◆ **Data in this exercise**:
= Beginning of Section =

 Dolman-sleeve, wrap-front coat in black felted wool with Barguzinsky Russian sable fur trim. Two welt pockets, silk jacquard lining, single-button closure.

= End of Section =
= Beginning of Section =

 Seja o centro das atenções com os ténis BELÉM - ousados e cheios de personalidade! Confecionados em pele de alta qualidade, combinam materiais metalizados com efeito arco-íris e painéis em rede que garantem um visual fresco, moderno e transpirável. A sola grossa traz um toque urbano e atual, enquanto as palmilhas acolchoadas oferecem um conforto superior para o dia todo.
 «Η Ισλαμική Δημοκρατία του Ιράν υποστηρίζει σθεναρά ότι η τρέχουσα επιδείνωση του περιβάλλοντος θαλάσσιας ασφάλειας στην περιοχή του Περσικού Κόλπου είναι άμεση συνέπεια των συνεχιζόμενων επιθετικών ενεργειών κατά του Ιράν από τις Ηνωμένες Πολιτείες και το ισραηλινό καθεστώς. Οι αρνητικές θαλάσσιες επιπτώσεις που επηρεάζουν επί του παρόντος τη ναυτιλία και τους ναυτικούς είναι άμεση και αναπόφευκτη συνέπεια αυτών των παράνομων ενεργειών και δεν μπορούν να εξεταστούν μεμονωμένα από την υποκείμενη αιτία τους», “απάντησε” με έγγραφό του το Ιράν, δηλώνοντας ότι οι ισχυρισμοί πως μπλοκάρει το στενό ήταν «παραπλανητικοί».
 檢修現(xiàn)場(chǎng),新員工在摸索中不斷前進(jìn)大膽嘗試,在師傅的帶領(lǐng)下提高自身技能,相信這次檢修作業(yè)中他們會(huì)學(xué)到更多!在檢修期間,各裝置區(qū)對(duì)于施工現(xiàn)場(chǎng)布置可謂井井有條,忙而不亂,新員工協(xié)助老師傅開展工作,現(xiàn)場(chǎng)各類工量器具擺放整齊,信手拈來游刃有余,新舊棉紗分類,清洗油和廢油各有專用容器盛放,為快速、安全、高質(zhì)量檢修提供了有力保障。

= End of Section =
= Beginning of Section =

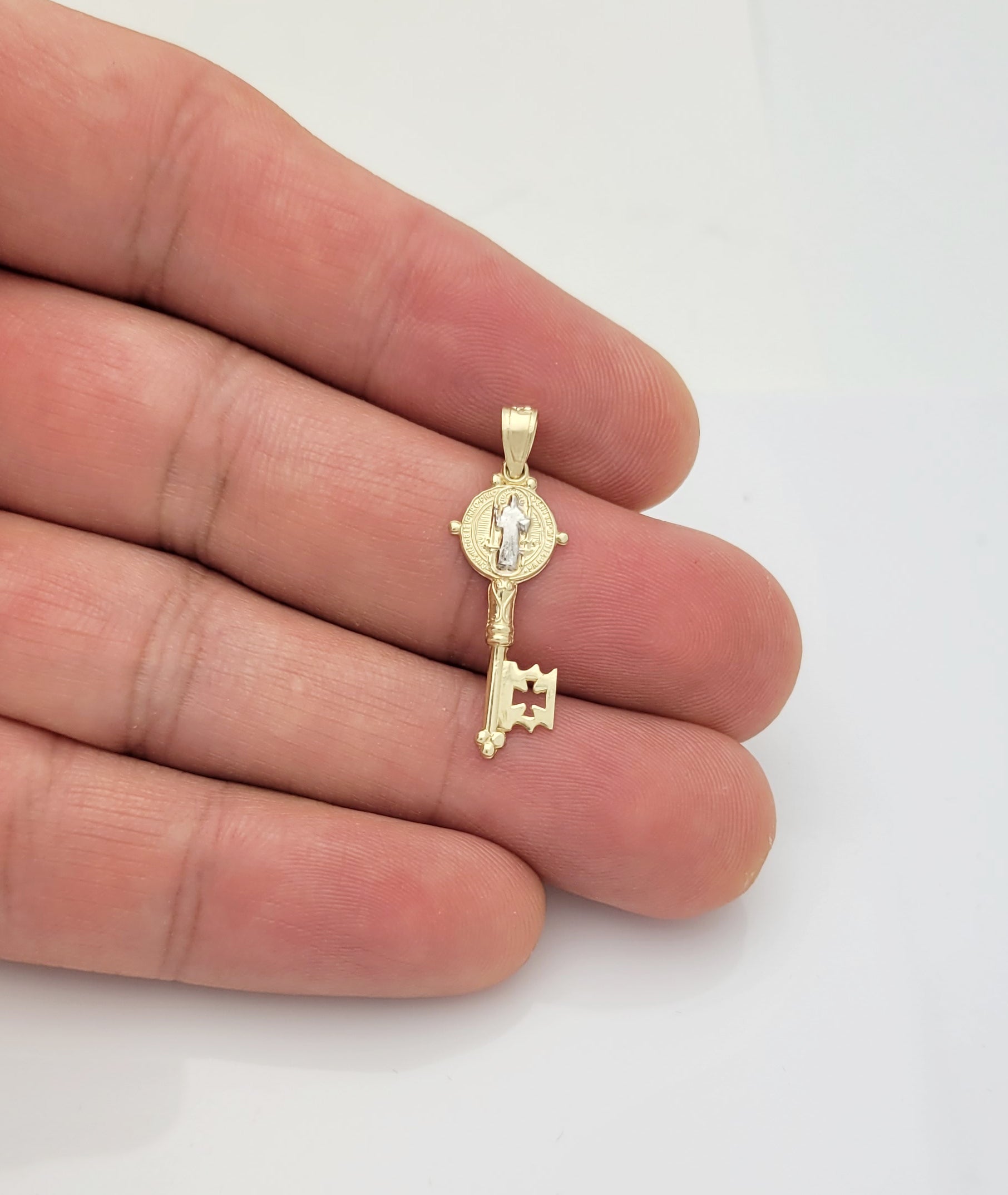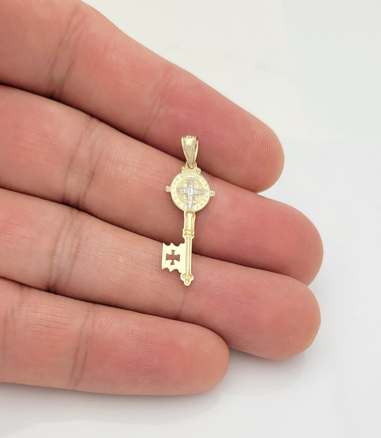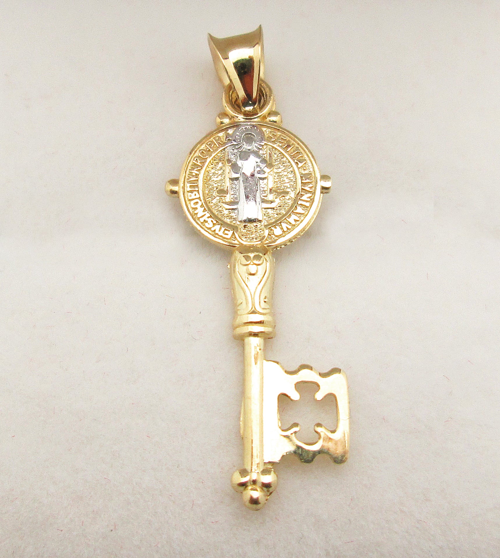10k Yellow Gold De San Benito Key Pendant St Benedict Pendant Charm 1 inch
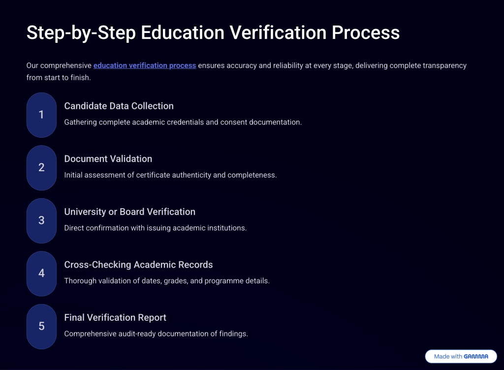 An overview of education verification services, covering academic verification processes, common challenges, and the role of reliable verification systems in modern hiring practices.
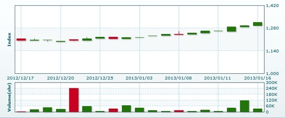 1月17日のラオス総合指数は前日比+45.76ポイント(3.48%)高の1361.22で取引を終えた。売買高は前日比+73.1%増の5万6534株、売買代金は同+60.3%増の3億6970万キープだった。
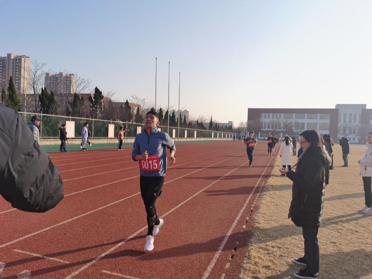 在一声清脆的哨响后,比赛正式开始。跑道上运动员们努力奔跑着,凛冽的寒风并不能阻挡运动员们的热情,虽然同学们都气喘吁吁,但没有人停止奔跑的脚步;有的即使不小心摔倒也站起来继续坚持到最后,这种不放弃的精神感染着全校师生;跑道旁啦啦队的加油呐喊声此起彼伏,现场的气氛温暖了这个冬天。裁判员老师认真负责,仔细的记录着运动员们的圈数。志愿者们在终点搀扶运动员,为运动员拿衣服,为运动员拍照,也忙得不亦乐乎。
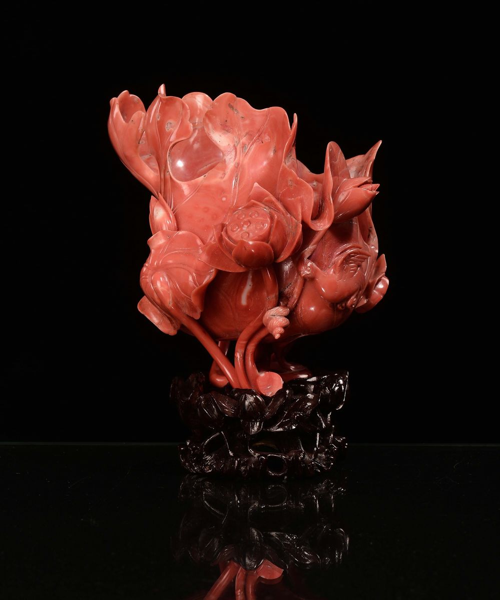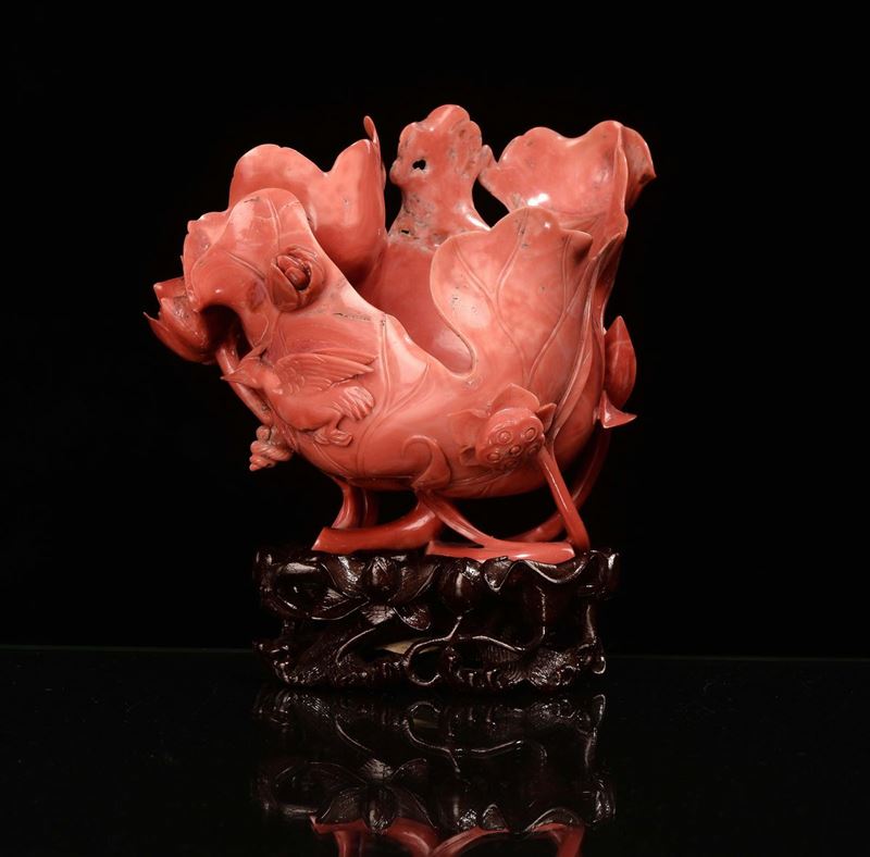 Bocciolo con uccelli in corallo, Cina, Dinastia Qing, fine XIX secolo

= End of Section =

◆ **Activity**: Print nothing except the lines above from the one containing "An overview of" down to the one containing "Bocciolo con uccelli", both included, exactly as written and free of pictures.

◆ **Solution for this exercise**:
 An overview of education verification services, covering academic verification processes, common challenges, and the role of reliable verification systems in modern hiring practices.
 1月17日のラオス総合指数は前日比+45.76ポイント(3.48%)高の1361.22で取引を終えた。売買高は前日比+73.1%増の5万6534株、売買代金は同+60.3%増の3億6970万キープだった。
 在一声清脆的哨响后,比赛正式开始。跑道上运动员们努力奔跑着,凛冽的寒风并不能阻挡运动员们的热情,虽然同学们都气喘吁吁,但没有人停止奔跑的脚步;有的即使不小心摔倒也站起来继续坚持到最后,这种不放弃的精神感染着全校师生;跑道旁啦啦队的加油呐喊声此起彼伏,现场的气氛温暖了这个冬天。裁判员老师认真负责,仔细的记录着运动员们的圈数。志愿者们在终点搀扶运动员,为运动员拿衣服,为运动员拍照,也忙得不亦乐乎。
 Bocciolo con uccelli in corallo, Cina, Dinastia Qing, fine XIX secolo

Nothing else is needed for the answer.